Il motivo appare fondato. Posto che per tale quesito sono state assolte le prescrizioni di cui all'art. 366 bis c.p.c., va ricordato l'orientamento di questa Corte secondo cui “il danno non patrimoniale derivante dalla lesioni dell'integrità fisica del lavoratore, identificato nella sommatoria di danno biologico (all'integrità fisica) e danno morale (consistente nella sofferenza per l'ingiuria fisica subita), non richiede, ai fini della risarcibilità, la sussistenza dei presupposti di cui all'art. 185 c.p., essendo riferibile ai diritti fondamentali della persona costituzionalmente garantiti. Nella specie la cassazione ha confermato la sentenza impugnata, che aveva ritenuto risarcibili, ai sensi dell'art. 2059 c.c., sotto voci distinte con adeguata personalizzazione del danno biologico e morale derivante dalla riduzione della capacità lavorativa conseguente ad un infortunio sul lavoro" (Cass. n. 12593/2010) ed ancora "in tema di liquidazione del danno non patrimoniale, al fine di stabilire se il risarcimento sia stato duplicato ovvero sia stato erroneamente sottostimato, rileva non il nome assegnato dal giudicante al pregiudizio lamentato dall'attore (biologico, morale, esistenziale) ma unicamente il concreto pregiudizio preso in esame dal giudice. Si ha pertanto duplicazione di risarcimento solo quando il medesimo pregiudizio sia stato liquidato due volte, sebbene con l'uso di nomi diversi" (Cass. n. 10527/2011, v, anche Cass. n. 15414/2011 cfr., in materia di danno subito dal lavoratore, anche Cass. n. 9238/2010, n. 23053/2009).

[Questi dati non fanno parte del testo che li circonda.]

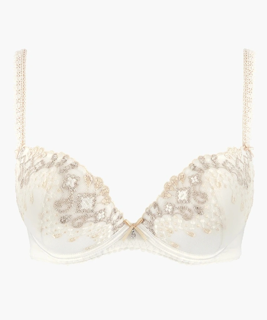 Le soutien-gorge push-up à coussinets amovibles Joyau Éternel offre un prodigieux décolleté plongeant révélant toute la sensualité de celle qui le porte. Sa broderie suisse parée de bijoux étincelants et ses bretelles en guipure ornementale subliment la création de glamour et de somptuosité.

Senza dubbio il Giudice di merito avrebbe potuto liquidare anche il danno morale laddove sussistente (peraltro nel caso in esame emerge che vi sia stato anche un accertamento dei fatti in sede penale), ma avrebbe dovuto specificamente motivare in ordine ad ulteriori profili di danno non coperti da quello già liquidato a titolo di danno biologico ed operare un'autonoma valutazione degli stessi. Invece nella motivazione della sentenza impugnata i danni liquidati a titolo di danno morale appaiono correlati alla medesime malattie considerate per il danno biologico e liquidati, nella loro entità, in una quota parte di tale ultimo danno. La motivazione pertanto appare non coerente con i principi fissati dalla ricordata giurisprudenza di questa Corte che imponeva una specifica considerazione dei profili di danno ed anche una specifica e separata quantificazione. Sul punto si impone quindi la cassazione della impugnata sentenza, con rinvio (anche per le spese) alla Corte di appello di Bologna in diversa composizione.
P.Q.M.
La Corte:
Accoglie per quanto di ragione il quarto motivo di ricorso e rigetta gli altri, cassa la sentenza impugnata in relazione alla censure accolta, con rinvio alla Corte di appello di Bologna in diversa composizione, anche per le spese.